Ecco il motivo per cui spesso mi ritrovo a non ricordare esattamente neppure una poesia di una raccolta, ma a conservare dentro di me una sensazione di insieme: cioè un mondo interiore e uno stile. Ma siccome mi ha chiesto di scegliere una poesia, eccola alla fine qui: dopotutto, hanno certamente ragione di Paul Verlaine.
Parla delle somiglianze tra una generazione e l’altra che vengono invece scambiate per delle dissomiglianze, che è poi quello che mi ero posto come obbiettivo strutturale quando ho curato L’urlo barbarico. Ora che lo riprendo in mano, vedo che avevo sottolineato un verso in particolare: «Che si tengano Ibsen! Per noi era Hugo»”.
Lei è un collaboratore del sito YAWP, quale scopo si prefigge il sito?
“YAWP giornale di letterature e filosofie è una rivista online: spesso ci chiedono come mai nel nome compaia anche il termine giornale. Si tratta di un tributo alla vecchia redazione.
A quel tempo YAWP era davvero un giornale universitario che per un breve periodo era stato persino sovvenzionato da La Sapienza di Roma. Quando poi siamo cresciuti e ci hanno passato il testimone, abbiamo deciso di farne qualcosa di più ampio ed è nata la rivista.
Oggi io mi occupo della sezione poetica, Michelangelo Franchini di quella dedicata ai racconti brevi, Iuri Lombardi di Critica Letteraria, Sara Giudice della sezione Arte agita dedicata al teatro, alla danza e a ogni tipo di arte “in movimento” e poi Alfonso Canale di Simposio, cioè degli editoriali, delle recensioni e di tutti quegli articoli culturali che però non hanno lo spessore o la forma di un saggio breve, e di Ri-Scritture, la nostra rubrica dedicata alla traduzione di autori minori e/o dimenticati; Federica Ruggiero si occupa infine della sezione dedicata alle arti figurative: Galleria.
Ciò che ci rende davvero soddisfatti è che molti autori scoperti o che sono transitati per l’esperienza di YAWP sono riusciti poi a pubblicare anche su altre riviste di qualche importanza.
Crediamo infatti che la pubblicazione sulle riviste e sui siti letterari sia oggi per un autore quasi un passaggio obbligato prima di proporre la propria opera a un editore: per la prima volta infatti ci si confronta con il mondo editoriale, seppure quello di confine, e si impara a lavorare effettivamente a stretto contatto con quelle strane figure (per un emergente) degli editor – anche perché molti editor che collaborano o gestiscono determinate riviste sono poi gli stessi di alcune ottime case editrici.
YAWP non vuole essere altro quindi che una finestra sul mondo dell’editoria italiana e assieme un laboratorio di scouting letterario”.
Come è nato il libro L’urlo barbarico?
“L’urlo barbarico nasce come una legittimazione dello scouting di cui le parlavo: Ogni anno cerchiamo di allargare, per alcuni autori, l’esperienza della rivista a qualcosa di esterno a noi.
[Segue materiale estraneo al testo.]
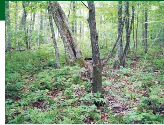
Sugar Maple Forest

often occur on drier sites (e.g., ridgetops) and/or more acidic soils (e.g., granitic types in Downeast Maine).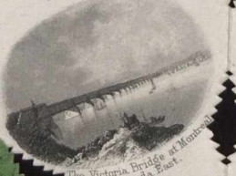
The Victoria Bridge at Montreal, Canada East.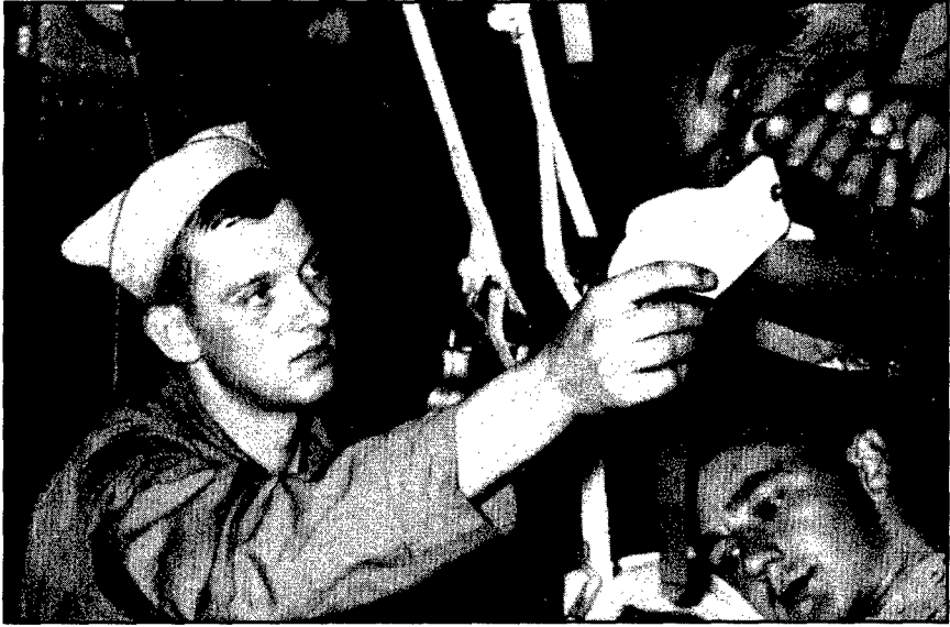
An AAF medic checks a wounded soldier's identification tag during an evacuation flight.

roads, or railways. Motor ambulances took twelve to fifteen hours to reach the nearest medical facility in Constantine, Algeria, and hospital trains took twenty to twenty-four hours; air evacuation took only one hour. Larger hospitals in Algiers and Oran were only ninety minutes away. In the last attack on Tripoli, almost all patients were evacuated by air. Patients seriously ill or injured departed on air ambulances, and patients with minor injuries left on transport planes. Although still new and imperfect in some respects, aeromedical evacuation quickly proved its worth.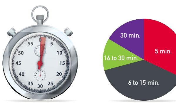
Average Smash & Grab Time - Less than 2 minutes

Dallas 3140 Towerwood Drive Dallas, Texas 75234 Tel. 972.243.3711 Toll. 800.225.2984 www.rollandsolutions.com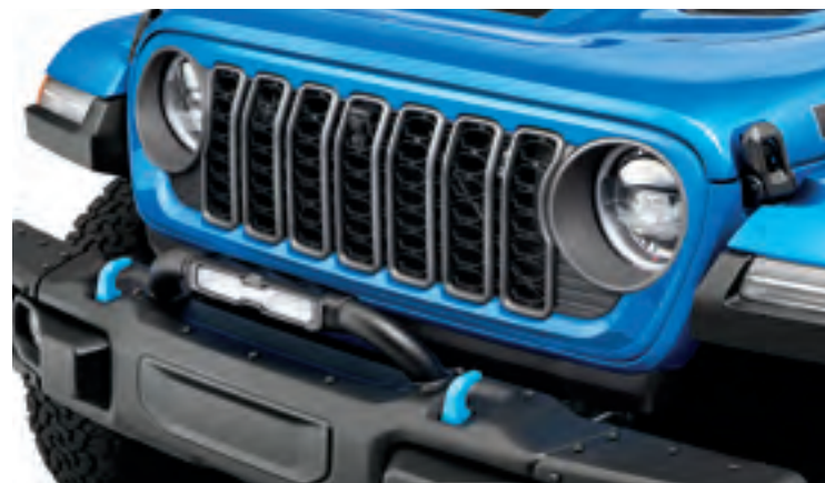
Grille Guard with Integrated Light Bar 19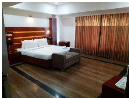
Suite room Tariff- 3,500/day + GST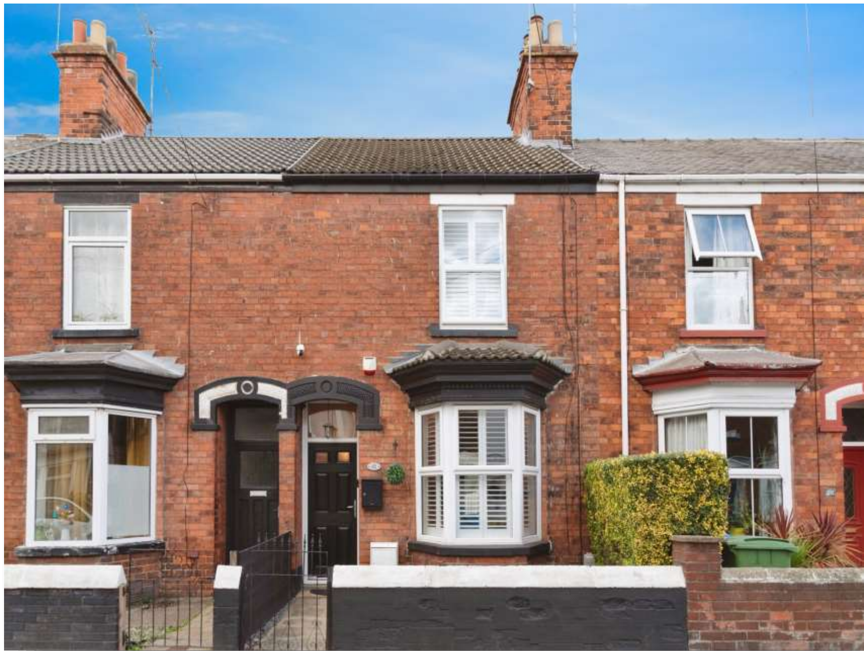
Grovehill Road, BEVERLEY, HU17 0EA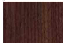
Columbian Walnut (CO) HPL, Seating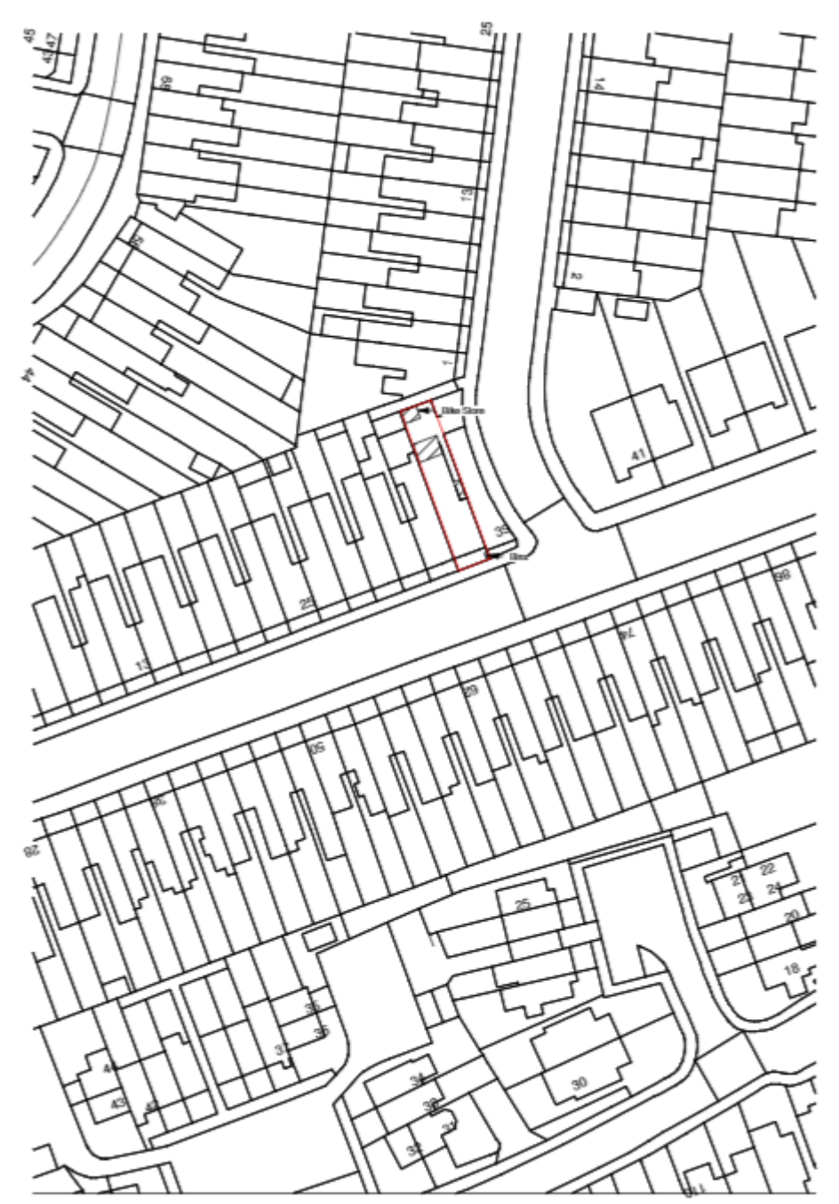
Figure 1 - Site Location Plan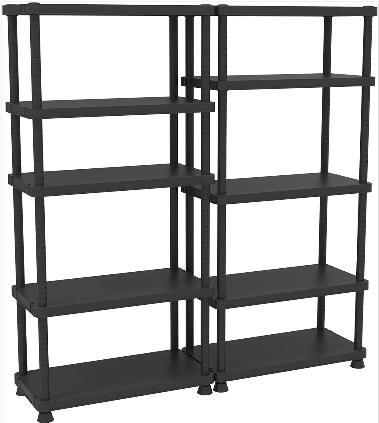
Figure 5: Example of an L-shaped modular arrangement.

An illustration of how multiple shelving units can be connected and arranged in an L-shape to optimize corner spaces.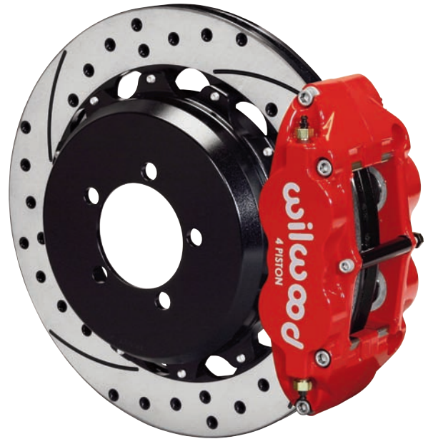
Subaru Brake Kit Assembly, 2008-2012 Shown Download High Resolution Photo, Click Here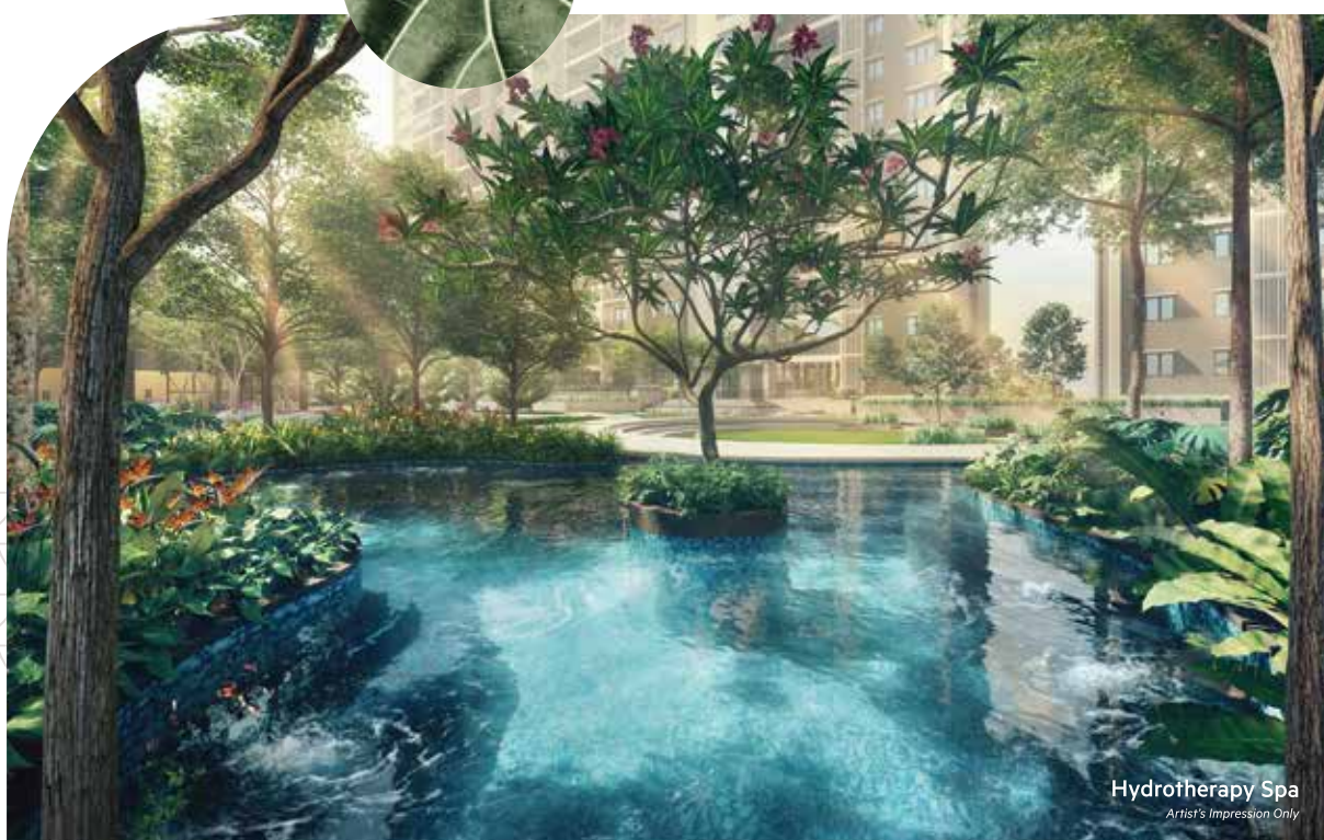
Hydrotherapy Spa Artist's Impression Only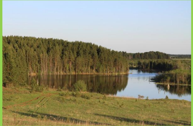
There're rivers and lakes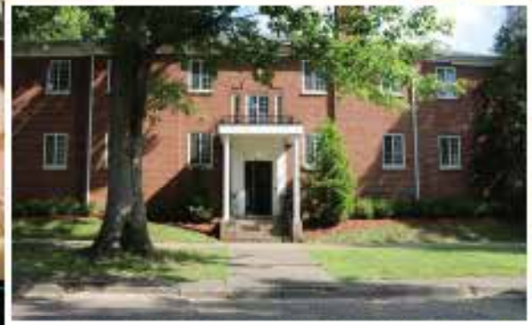
902 11th Avenue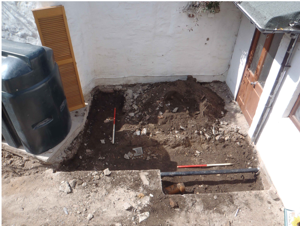
Fig. 2 General shot of Trench 1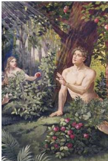
Adam disobeyed God when Satan tempted him.

Another kind of prophecy includes many Old Testament patterns that are fulfilled by Jesus . For example, Jesus is called the 'Final Adam' in 1 Corinthians 15:45, and there are several important likenesses and contrasts between Jesus and Adam in Romans 5:12–12 and 1 Corinthians 15:20–23, 45–50. Both Jesus and Adam were heads of a new human race, and both brought far-reaching results upon their race because of what they did.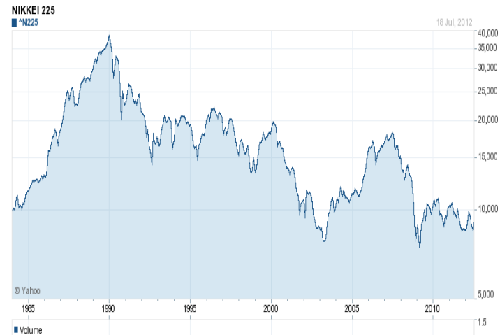
Nikkei since 1985 >>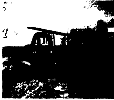
International Presser Digger This Unit Is Ready To Work, Priced For Quick Sale $9,500 $8,500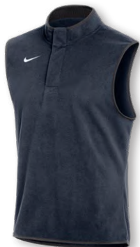
NIKE THERMA VEST DA4965 Page 30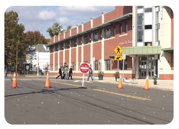
Temporary roadway closure in front of the Bullock School in Montclair, NJ.

Drawbacks: This treatment may create traffic problems on other streets. Costs: Low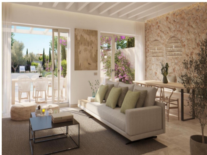
Elegante living area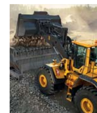
Volvo Construction Equipment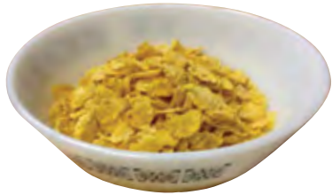
Corn flakes (4-5 tablespoons) = 2 portions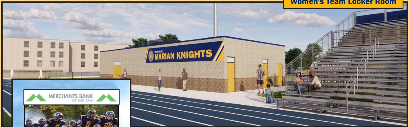
Women's Team Locker Room

WHAT WILL YOU DO TO HELP STUDENTS REALIZE THEIR DREAMS!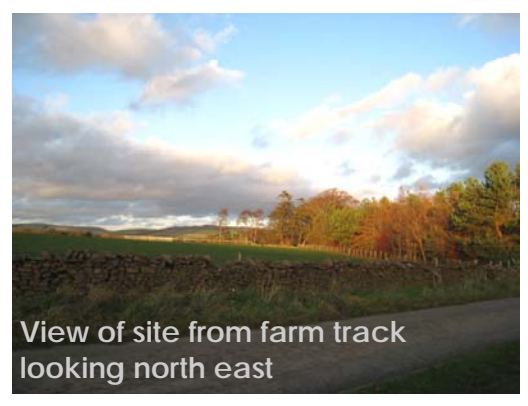
Figure 2-View of Site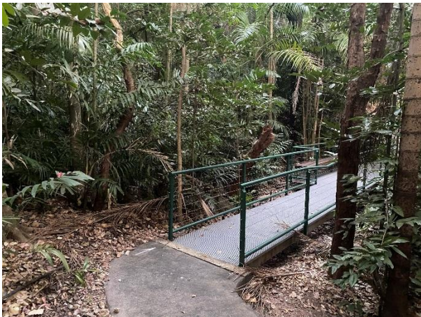
The boardwalk and stairs are fixed from the rotten wooden ones we always hopped over.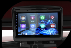
9 inch touchscreen with back-up camera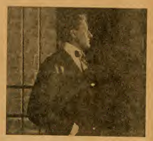
LEO FRANK, IDEALIZED IN THE HEARST-SELIG MOVING PICTURES.

close to the man whose active brain dictated those notes.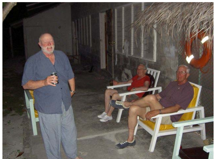
After a hard day of fishing

Lots for sale at the SWAP MEET. Come to the meeting in June and bring your stuff to sell or trade.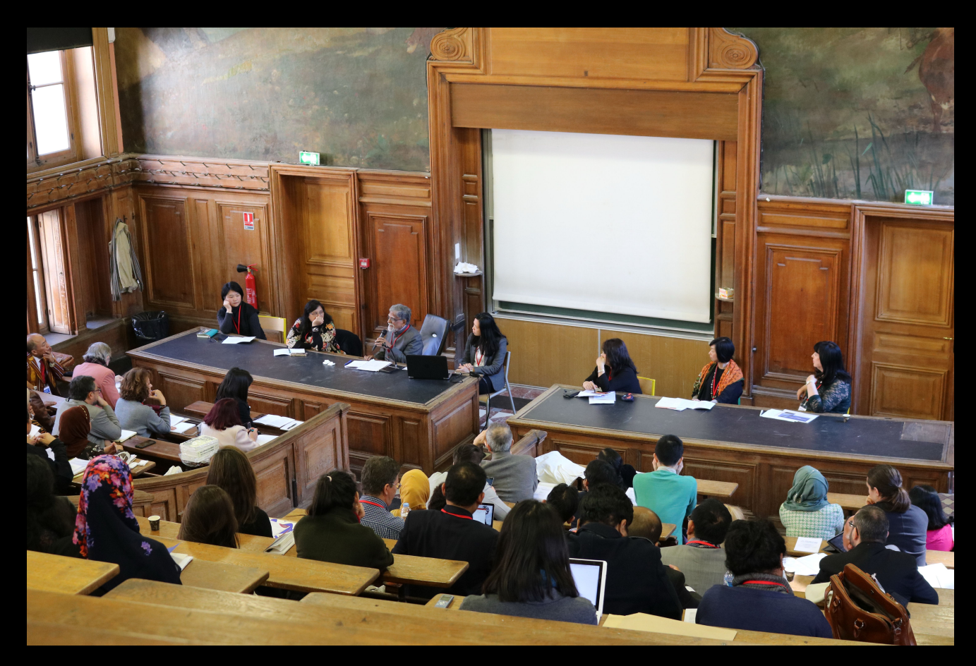
Wednesday, March 14, 2018, Université Paris 1 Panthéon-Sorbonne, Amphitheatre Lefebvre, plenary opening session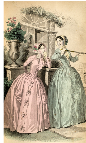
“Godey’s Paris Fashions Americanized,” Godey’s Lady’s Book , July 1848. Hand-colored engraving. New-York Historical Society Library, TX1.G58, vol. 37.

With their husbands working outside the home, and without the farm-wife duties that filled the days of their mothers and grandmothers, the “proper role” of middle-class white women was redefined in the prescriptive literature written for them. New messages appeared in conduct books, ladies’ magazines, religious tracts, and similar publications. Sometimes written by men and sometimes by women, they carried the weight of authority, and defined how middle-class white women should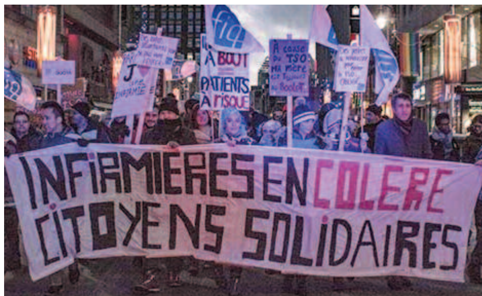
Quebec's largest nurses union is calling attention to burnout and mandatory overtime issues with strike action.

PRESSE CANADIENNE Updated: November 26, 2019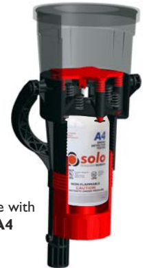
For use with Solo A4

The Solo 332 is available for detectors with larger bases.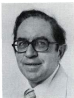
Sal Cavalluzzo Bldg. 1-P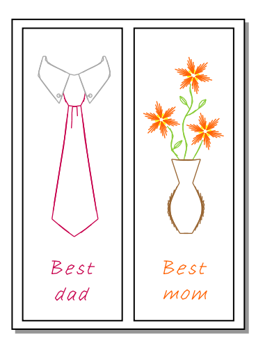
FT058 Bookmarks #4 Code B

Thank you also for all the sales on the designs contributing towards the Australia wildfire fund, which we have mentioned in our previous newsletter. Although the original website we have mentioned was no longer available, we still donated the money to the Official WWF-Australia (https://donate.wwf.org.au)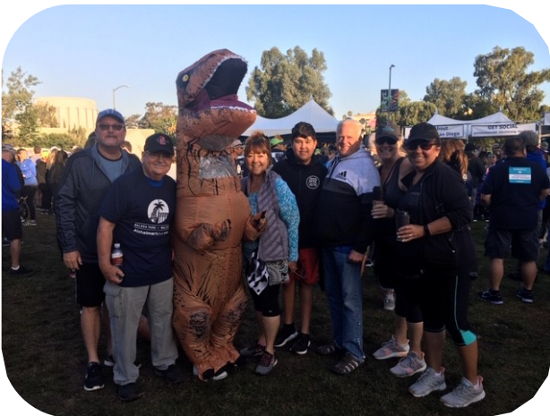
Team RESDC walked in the 2019 Walk4ALZ in October.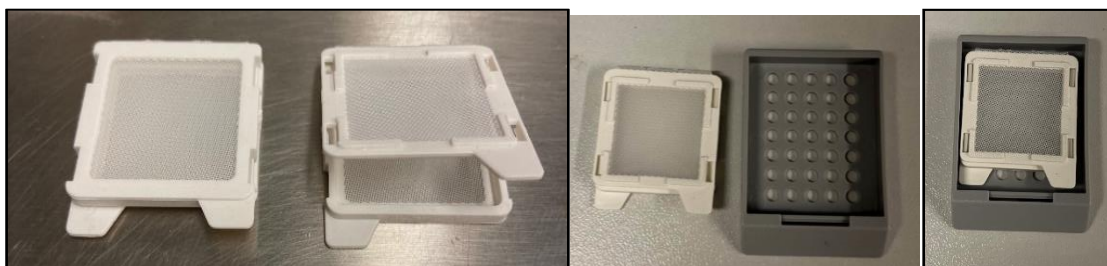
Fig. 1. Histology cassette inlets for small specimens (e.g., biopsies, Inn). This inlet must then be placed into a regular histology cassette (see below).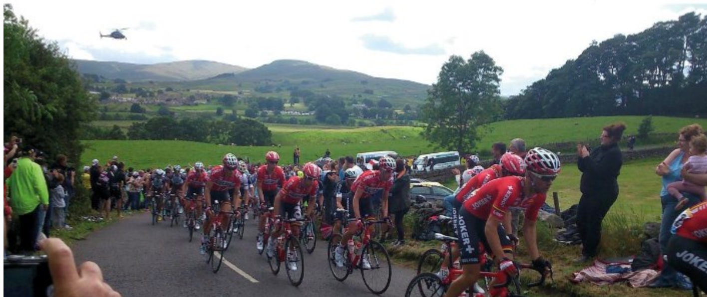
▼ Figure 2 Tour de France cyclists in Yorkshire's Pennine landscape

What we call 'Yorkshire' is actually four counties: West, South, and North Yorkshire, plus the East Riding. Over the years, the Yorkshire region has varied in size – depending on boundary changes by different governments – but at its core is a sense of identity; if you think you're from Yorkshire, then you are!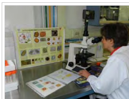
Identification and quantification of helminth eggs at UNAM university in Mexico City, Mexico

Specific helminths can be identified through microscopic examination of their eggs (ova) found in faecal samples. The number of eggs is measured in units of eggs per gram. [29] However, it does not quantify mixed infections, and in practice, is inaccurate for quantifying the eggs of schistosomes and soil-transmitted helminths. [30] Sophisticated tests such as serological assays, antigen tests, and molecular diagnosis are also available; [29][31] however, they are time-consuming, expensive and not always reliable. [32]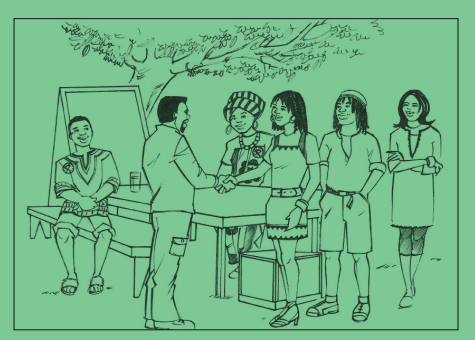
Step 3: Consulting the Community Together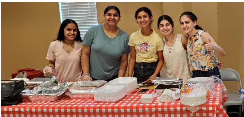
Snacky items for sale by Sunday School Youth Group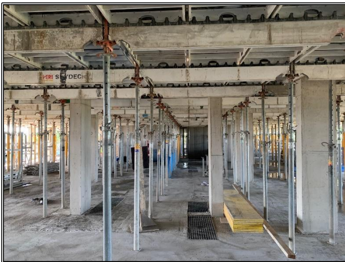
Fourth Floor Slab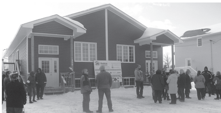
Photo: About 80 people attending the Habitat Key Turning Ceremony on Sunday, February 7, 2017 to celebrate the successful construction of this duplex home on Adelaide Street in Espanola.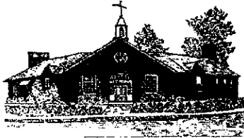
TOWN BUILDING HARRISVILLE, R.I.

Telephone: (401) 568-4300 ext. 124 FAX: (401) 568-0490 E-mail: townclerk@burrillville.org RI Relay 1-800-745-5555 (TTY)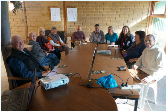
Armidale Tree Group Members

Armidale Tree Group are likely to become a Regional Provider. Covering the area of Armidale, Walcha and Uralla.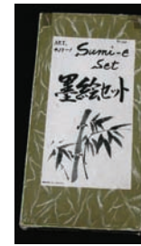
Sumi (writing) set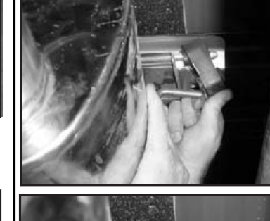
10. Insert hanger rods on the muffler into the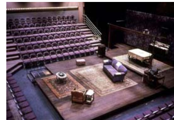
A classic thrust stage

In questo caso particolare, parliamo della sezione poetica.
Mi era venuto in mente di raccogliere i testi poetici di alcuni tra gli autori che pubblicarono su YAWP nel biennio 2015-2016 e nei quali avevo intravisto qualcosa di più, cioè una maggiore consapevolezza rispetto ad altri di uno stile personale (e originale).
Tuttavia, invece di creare una comune antologia (che purtroppo per molte case editrici oggi è un modo obbligato per fare cassa, ma che risulta troppo dispersivo secondo me per una felice fruizione degli autori inseriti) abbiamo dato vita a una raccolta di raccolte.
Vale a dire che ogni autore ha una propria sezione con titolo e cerca di dare vita a qualcosa di compiuto. Abbiamo poi cercato di fare qualcos’altro: ho chiesto cioè a ciascun autore di utilizzare uno pseudonimo. Questo perché sono convinto dell’esigenza di una poesia che trasformi l’io in un più ampio noi lirico.
Ecco allora che ogni raccolta in qualche modo completava, ampliava o deformava quella precedente. Il primo e l’ultimo autore della raccolta hanno deciso invece di utilizzare il loro vero nome. Questo perché volevamo che L’urlo barbarico fosse solamente un tentativo fallimentare, ma pur sempre un tentativo: la raccolta si apre cioè con un io lirico identificato, si spersonalizza e poi alla fine cade di nuovo in questa trappola.
Ma per tornare al verso di Verlaine: ciò che mi stupì mentre raccoglievo il materiale è che la prima poesia della raccolta (composta da un autore di una generazione più grande di quella degli altri) e l’ultima si ritrovano a parlare delle stesse cose. E questo senza che i due poeti avessero mai parlato tra di loro al momento della composizione: una specie di passaggio generazionale che però non esiste affatto. La raccolta è stata poi pubblicata nel 2017 con la casa editrice Le Mezzelane e una prefazione del critico e professore universitario Francesco Muzzioli”.
Secondo lei, nella società di oggi molto più simile alla città di Metropolis che alla Scuola di Atene, cosa vuol dire farsi portatore di un’arte come la poesia?
“Quando si prova a rispondere a una domanda come questa si dice quasi sempre una sciocchezza: perciò proveremo a scherzarci sopra. Ecco io credo che quando ognuno di noi pensa lo fa o tramite delle immagini o parlando da solo in silenzio.
Se l’ipotesi di Sapir-Whorf venisse prima o poi confermata, o magari sviluppata, ci accorgeremmo di come solo con le immagini l’uomo è in grado di sentire universalmente.
La poesia cerca di fare qualcosa di più: prova cioè a mescolare il linguaggio (inteso come lingua del poeta e quindi come qualcosa che determina il suo pensiero a priori) e le immagini per farne un tentativo di comunicazione ulteriore.
Ma una risposta del genere certamente non basta per chiedere alle persone di fare sopravvivere la poesia: ci sarebbe bisogno purtroppo di una componente materica”.
Progetti per il futuro?
“Per quanto riguarda il lavoro con la rivista, nel 2018 grazie alla collaborazione con Patria Letteratura di Matteo Chiavarone siamo partiti con i Quaderni Barbarici.
Ogni mese cioè pubblicheremo le poesie di un particolare autore che pensiamo debba essere tenuto d’occhio e che sia in qualche modo entrato in contatto con YAWP durante l’anno precedente.
Ma devo dire che anche per le altre sezioni abbiamo delle sorprese. Se invece la domanda era rivolta esclusivamente a me, sto per terminare una raccolta di poesie e una di racconti. Staremo a vedere”.